Jude smiled, not kindly. “Honey, where else you get san’rats?”
“You’ve actually seen her...”
Jude began to nod and thought better of it. “You her special friend?” There was a world of ironic emphasis on that special.
“I’m a friend of her mother’s,” Fixx said, surprising himself.
Jude thought about it. “She in bad trouble, t’girl?”
“Yeah, big trouble. People want her dead.” As lies went it wasn’t inspired but the blonde woman had no way of knowing it wasn’t true.
“Jude,” said Jude, thrusting out her hand. Fixx shook. “I got a bar,” Jude said, “in Strat, t’CasaNegro. You come see me sometime, we talk, maybe...” Dodging round an approaching guard, Jude was gone before Fixx even realized she was leaving.
“My Kodak,” Fixx demanded hastily.
Jude didn’t answer him, but somehow Fixx didn’t expect her to.
Chapter Eighteen
Christ on Crutches
The ship stank. The kind of stink you get if you put twenty flea-bitten goats in a stainless-steel pen and then tie them down with neoprene mesh so they can’t float away in free fall. Why even the Family would want to ship animals from Planetside to Seattle, fuck alone knew. But as to why they didn’t take the Kobe option and put the goats in suspended animation, LizAlec knew that. The brotherhood didn’t believe in recreational drugs, nanotechnology or extopian solutions and who was she to question the word of God?
LizAlec smiled sourly, remembering Fixx’s insistence on an inverse link between IQ and absolute faith. The mo
re you believe the less you think. Not surprisingly, that never got taught at St Lucius, either.
Briefly, LizAlec wondered what kind of crap the amulet-wearing Lars believed in, and then decided she didn’t care enough to find out. She was bored with Lars and his creepy, clanky steel lung, bored with staring at goats, hungry too.
They were in an air vent hung over a hold, that much was obvious. And the hold had been walled off into three pens, two small pens divided between the goats and ten black, bristle-backed pigs. There was also a larger pen for six of the ugliest cows LizAlec had ever seen.
All the animals stank: the pigs less than the cows, surprisingly. At least, it surprised LizAlec, who’d assumed the cows would be the cleanest.
“Less animals, more shit,” Lars told her baldly, and he was right. The leathery-skinned, thin-hipped cows in the pen next door were crusted in their own excrement, huge scabs of dung drying to cake on their hides. Only the pigs still looked vaguely pink. Every hour a woman with wide hips and protruding buttocks stamped into each pen in turn and vacuumed clean the air with a huge hose.

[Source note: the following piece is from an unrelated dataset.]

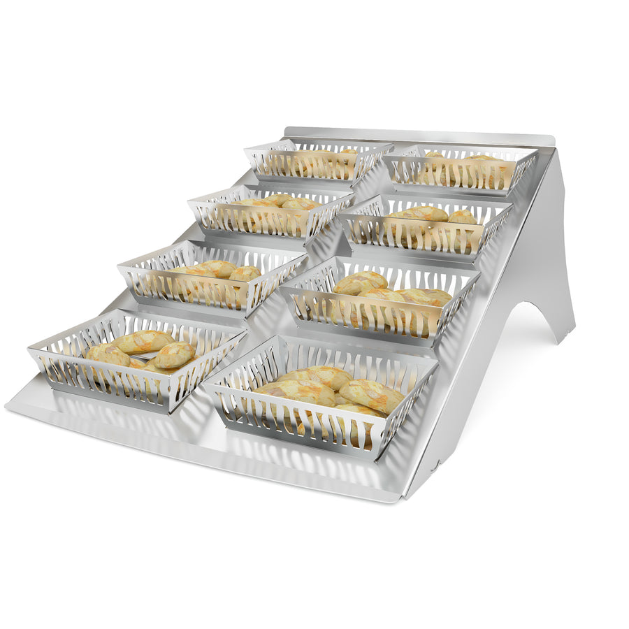 The Ladder Sea Bread Stand features a stylish and organized design, perfect for showcasing bread at buffets. With three layers and eight baskets, it allows for efficient presentation and easy access. Ideal for hotels, restaurants, and cafes looking to enhance their dining experience.

She didn’t look happy with her job, but she never swore, not even when the DustBuster broke one time and spat everything out of the other end again, much like the animals.
“Family,” LizAlec told Lars, who just looked puzzled.
“Yours?” His voice sounded doubtful.
LizAlec grunted with frustration. Being trapped for hours in the hold of a filthy cargo shuttle with some slack-jawed retard had worn her patience so thin it was practically transparent.
No,” LizAlec said abruptly. “Family.” She said it like the retard should know what she was talking about, which she figured he should. “Oh fuck... Forget it.” She crept forward and looked down through an air vent at the goats. She was sure one or two were looking back at her.
They’d started out in a cupboard, locked into a tiny side room by Leon, the combat kid, who only just remembered to click the oxygen/atmosphere on before jumping shuttle and heading back to Fracture. It was Lars who’d prised off the grille to a ventilation shaft in their original hiding place and wriggled up, leaving her trapped and almost crying until frustration slid into skin-slicked fear as LizAlec remembered the bioSemtex worm wrapped away inside her skull. Just how far Lars had to wander before he broke the connection and splattered her brains against the utility-green walls of the tiny cupboard wasn’t something LizAlec liked to think about.